The station was opened as a temporary wooden station in 1957 by British Railways, to coincide with the introduction of new diesel multiple units on the line from Birmingham New Street to Lichfield. It was known originally as Butlers Lane Halt, despite being staffed from the beginning.

It became one of the stations served by the new Cross-City Line from 1978. The original wooden station was rebuilt as a permanent structure during 1991/92, to coincide with the electrification of the line by British Rail.

==Facilities==
The station has a staffed ticket office on the southbound platform, open on a part-time basis throughout the week. A self-service ticket machine is also available for use when the office is closed and for collecting pre-paid tickets. Waiting shelters are located on both platforms and train running information is given via CIS displays, timetable posters, automated announcements and two customer help points. No step-free access is possible to either platform, as both entrances from the road above require the use of steps.

==Services==
The station is served by West Midlands Trains, with local Transport for West Midlands-branded Cross-City services operated by electric multiple units.

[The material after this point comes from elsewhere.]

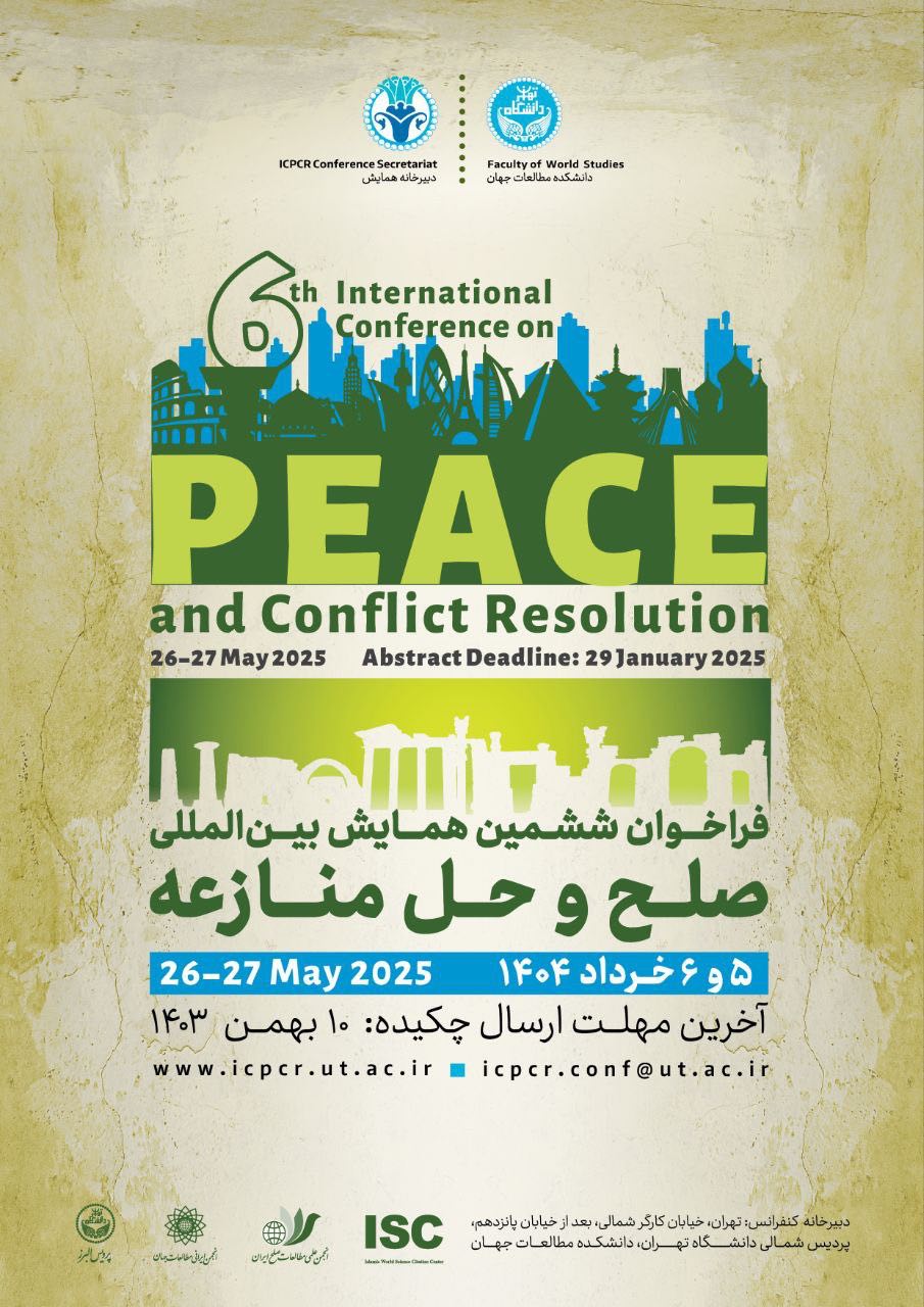 با احترام، ششمین همایش بینالمللی صلح و حل منازعه روزهای ۵ و ۶ خرداد ماه ۱۴۰۴، در دانشکده مطالعات جهان دانشگاه تهران برگزار میشود.

The off-peak service pattern is as follows:

Mondays to Saturdays:
- 2tph (trains per hour) northbound to , via , departing from platform 2.
- 2tph southbound to , via , and , departing from platform 1.

Sundays:
- 2tph northbound to Lichfield Trent Valley.
- 2tph southbound to .

Services on Sundays call at all stations between Lichfield T.V. and Redditch.

The average journey time to Birmingham New Street is around 26 minutes.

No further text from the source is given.